RECORDS PROVIDED:
_____
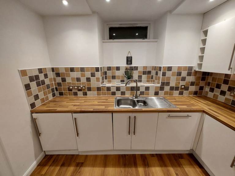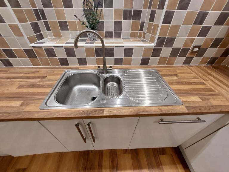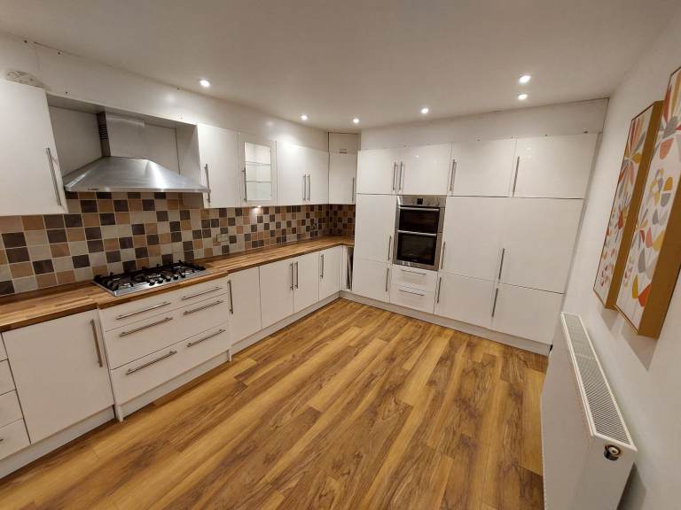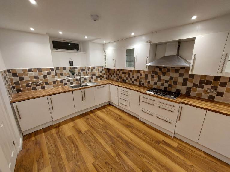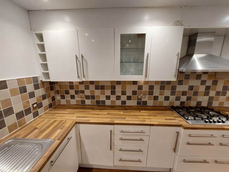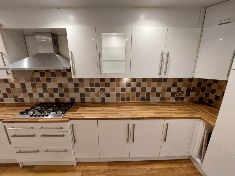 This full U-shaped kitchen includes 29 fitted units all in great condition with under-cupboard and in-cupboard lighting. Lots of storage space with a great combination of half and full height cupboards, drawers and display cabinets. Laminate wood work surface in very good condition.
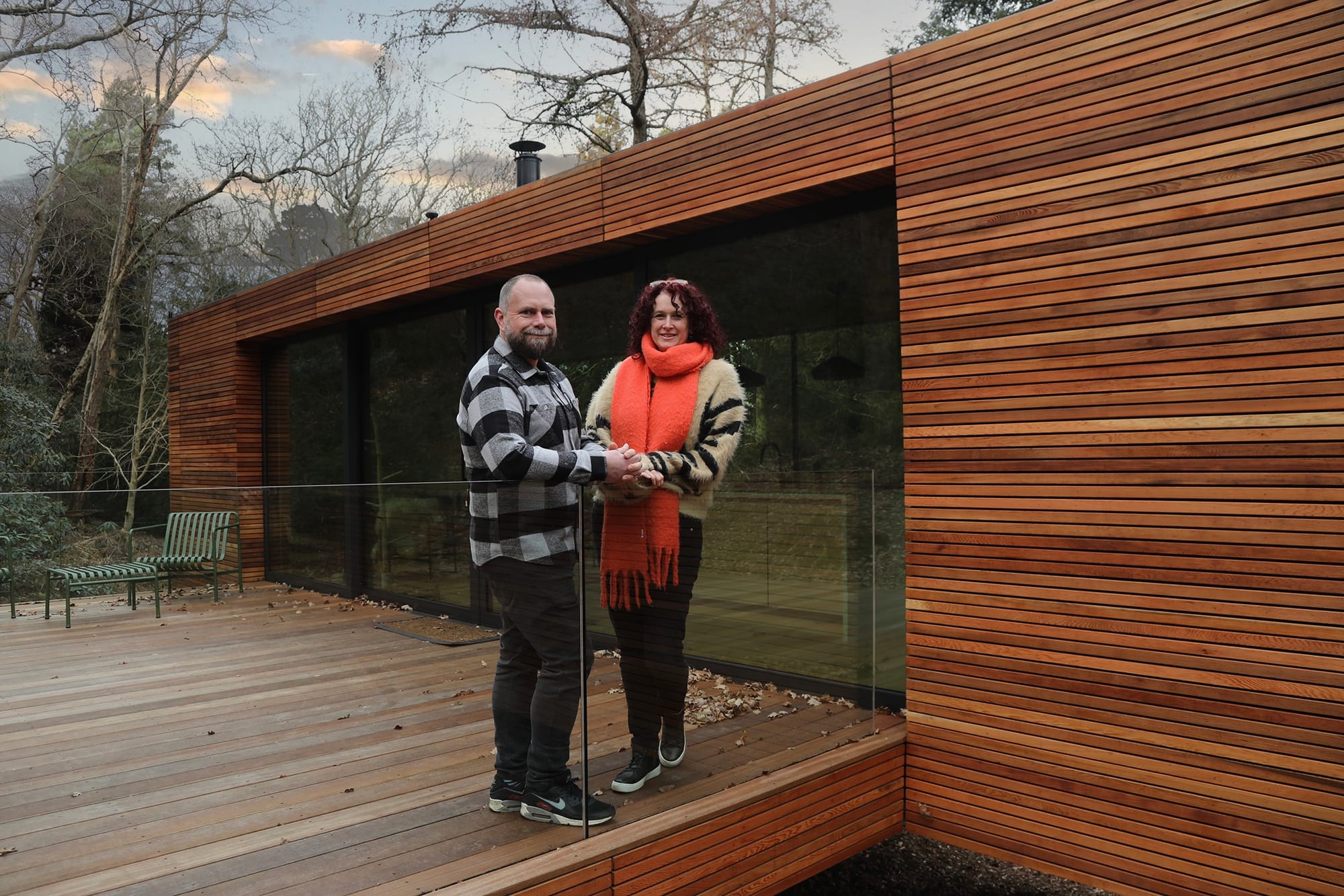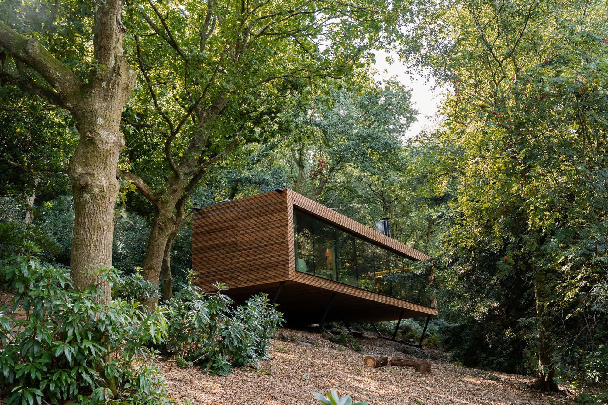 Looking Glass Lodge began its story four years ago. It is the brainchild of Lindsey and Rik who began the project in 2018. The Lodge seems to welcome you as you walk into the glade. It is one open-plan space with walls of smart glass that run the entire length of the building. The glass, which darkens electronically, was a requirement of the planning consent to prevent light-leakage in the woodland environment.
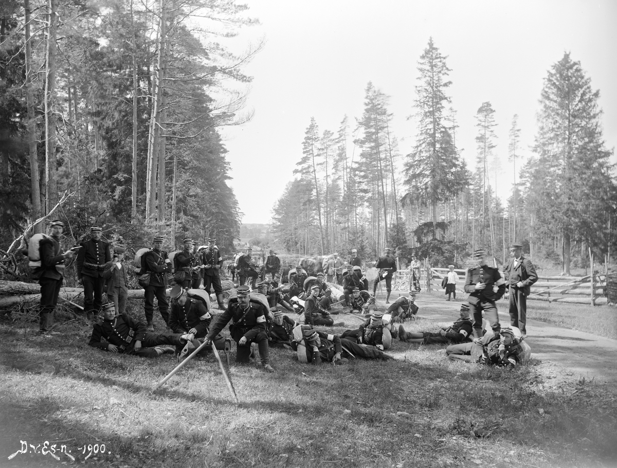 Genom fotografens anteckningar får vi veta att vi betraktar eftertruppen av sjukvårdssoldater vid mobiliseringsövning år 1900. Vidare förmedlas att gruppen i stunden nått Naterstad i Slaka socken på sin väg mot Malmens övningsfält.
_____
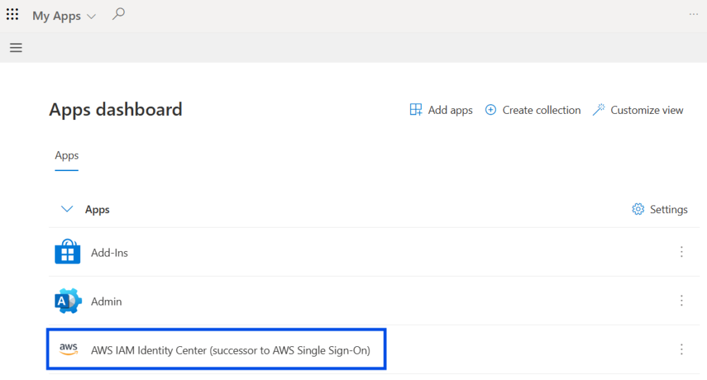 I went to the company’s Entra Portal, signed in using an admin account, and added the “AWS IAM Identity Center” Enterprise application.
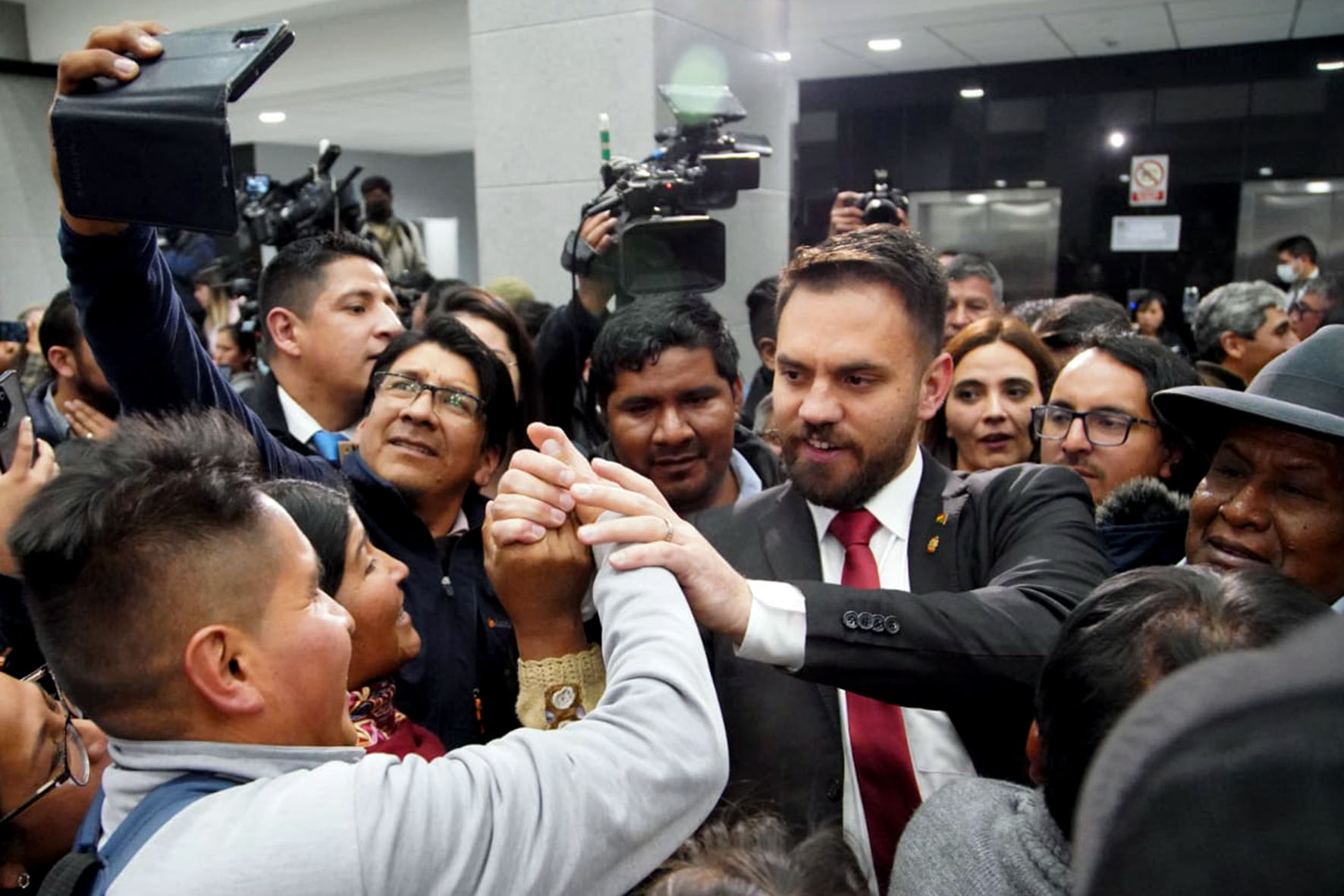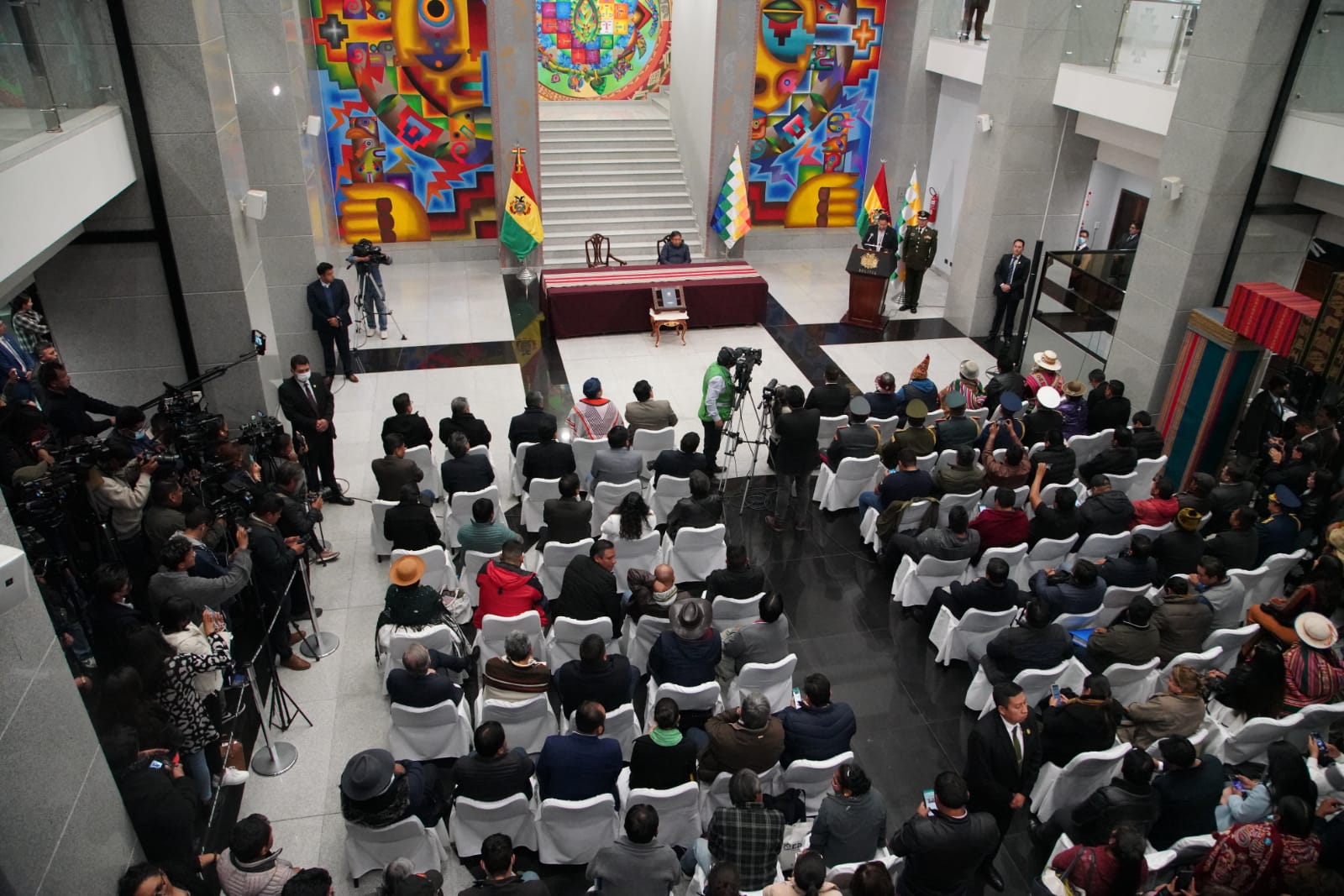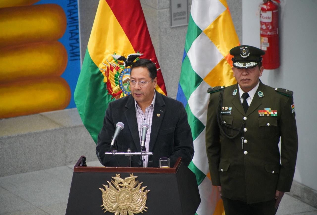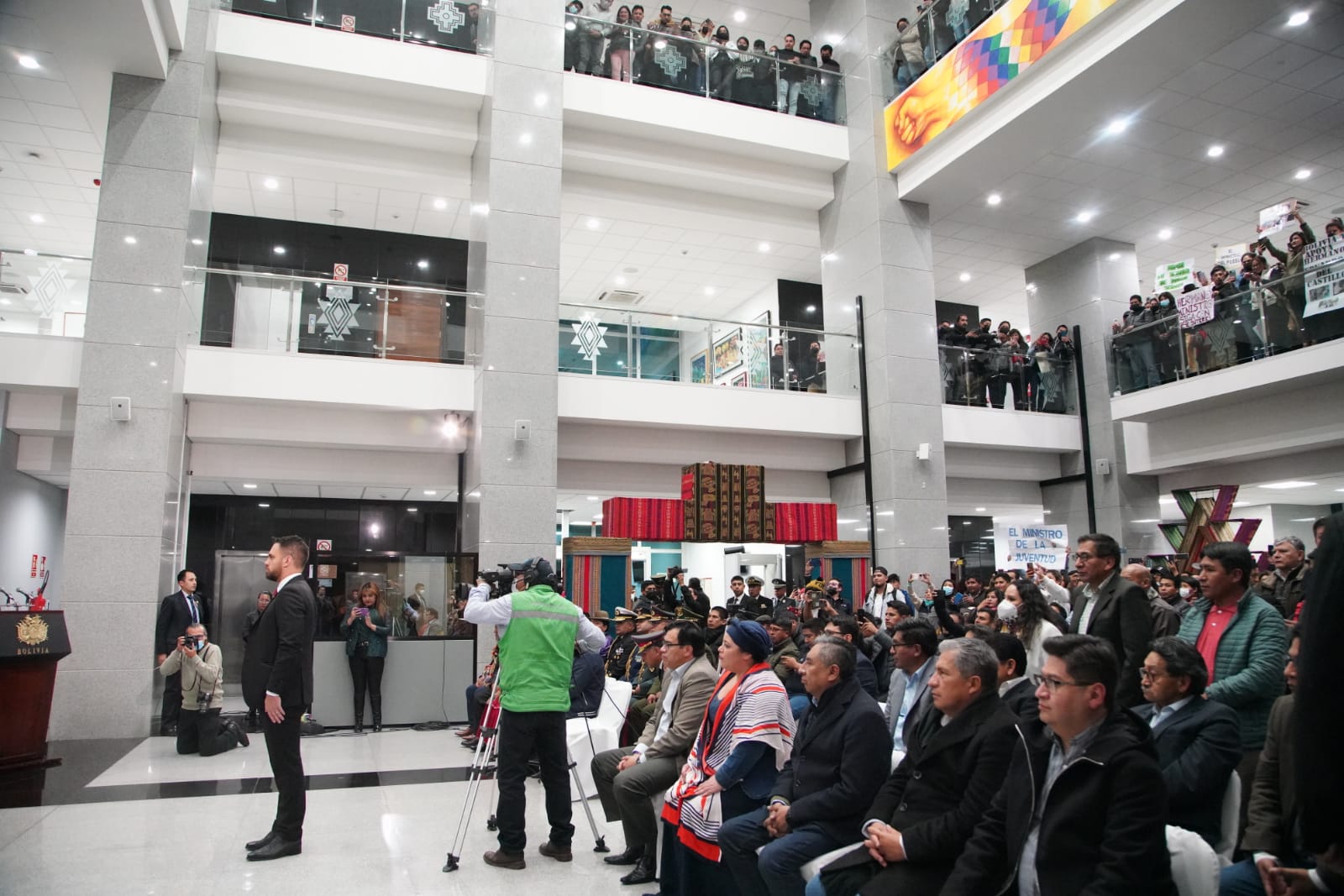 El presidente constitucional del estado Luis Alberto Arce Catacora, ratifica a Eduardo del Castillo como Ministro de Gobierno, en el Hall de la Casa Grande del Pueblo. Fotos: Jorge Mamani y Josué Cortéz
_____
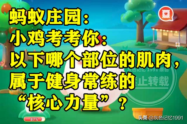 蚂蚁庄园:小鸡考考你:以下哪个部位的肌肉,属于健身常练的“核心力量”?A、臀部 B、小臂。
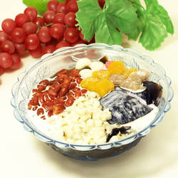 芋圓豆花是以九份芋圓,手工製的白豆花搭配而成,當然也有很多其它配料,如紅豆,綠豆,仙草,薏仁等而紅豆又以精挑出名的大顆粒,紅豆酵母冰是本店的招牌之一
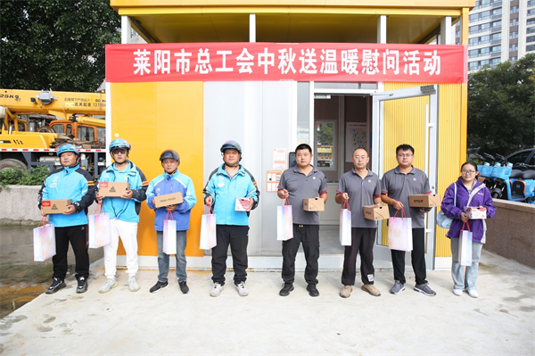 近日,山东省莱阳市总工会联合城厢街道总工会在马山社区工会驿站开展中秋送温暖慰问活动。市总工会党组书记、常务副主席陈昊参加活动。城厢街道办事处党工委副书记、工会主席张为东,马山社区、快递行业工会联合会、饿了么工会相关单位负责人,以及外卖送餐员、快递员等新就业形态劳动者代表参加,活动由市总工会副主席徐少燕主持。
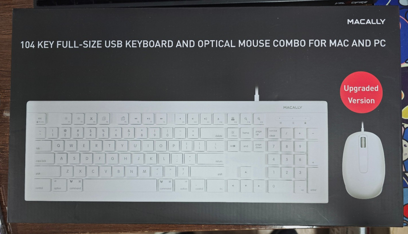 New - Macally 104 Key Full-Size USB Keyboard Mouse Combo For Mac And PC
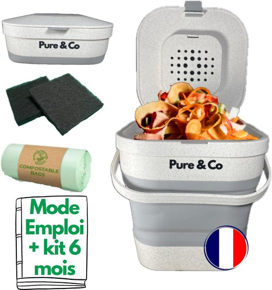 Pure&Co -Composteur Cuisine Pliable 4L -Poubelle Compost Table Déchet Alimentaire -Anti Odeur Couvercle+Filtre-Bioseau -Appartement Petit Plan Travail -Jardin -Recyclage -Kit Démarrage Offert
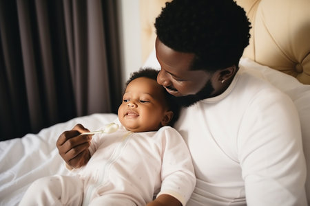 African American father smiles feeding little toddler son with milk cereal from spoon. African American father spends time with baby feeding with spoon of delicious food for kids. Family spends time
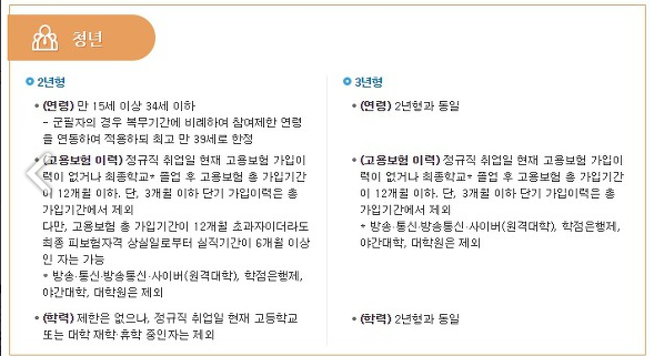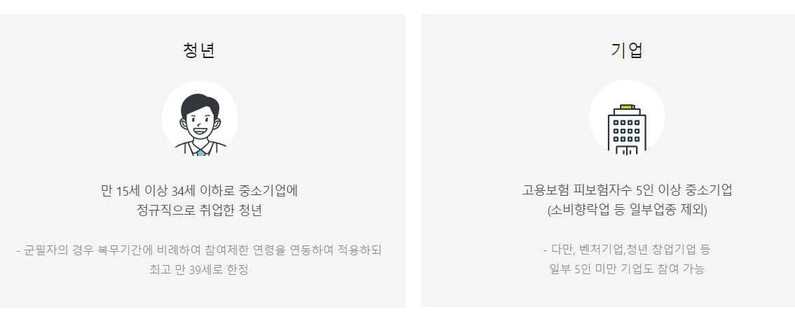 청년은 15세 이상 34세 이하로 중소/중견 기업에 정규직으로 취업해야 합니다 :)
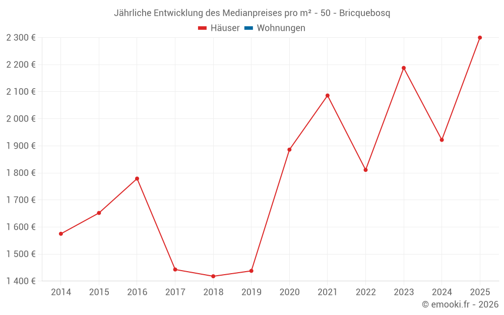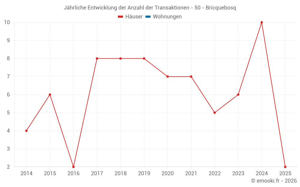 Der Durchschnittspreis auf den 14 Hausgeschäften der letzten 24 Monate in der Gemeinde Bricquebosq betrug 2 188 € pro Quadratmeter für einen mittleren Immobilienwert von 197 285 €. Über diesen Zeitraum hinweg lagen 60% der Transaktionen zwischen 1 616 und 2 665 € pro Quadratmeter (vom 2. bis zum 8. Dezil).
_____
All lines above starting at the one with "蚂蚁庄园:小鸡考考你:以下哪" and ending at the one with "近日,山东省莱阳市总工会联合", inclusive, are to be printed again exactly, with the pictures left out.

EXPECTED ANSWER:
 蚂蚁庄园:小鸡考考你:以下哪个部位的肌肉,属于健身常练的“核心力量”?A、臀部 B、小臂。
 芋圓豆花是以九份芋圓,手工製的白豆花搭配而成,當然也有很多其它配料,如紅豆,綠豆,仙草,薏仁等而紅豆又以精挑出名的大顆粒,紅豆酵母冰是本店的招牌之一
 近日,山东省莱阳市总工会联合城厢街道总工会在马山社区工会驿站开展中秋送温暖慰问活动。市总工会党组书记、常务副主席陈昊参加活动。城厢街道办事处党工委副书记、工会主席张为东,马山社区、快递行业工会联合会、饿了么工会相关单位负责人,以及外卖送餐员、快递员等新就业形态劳动者代表参加,活动由市总工会副主席徐少燕主持。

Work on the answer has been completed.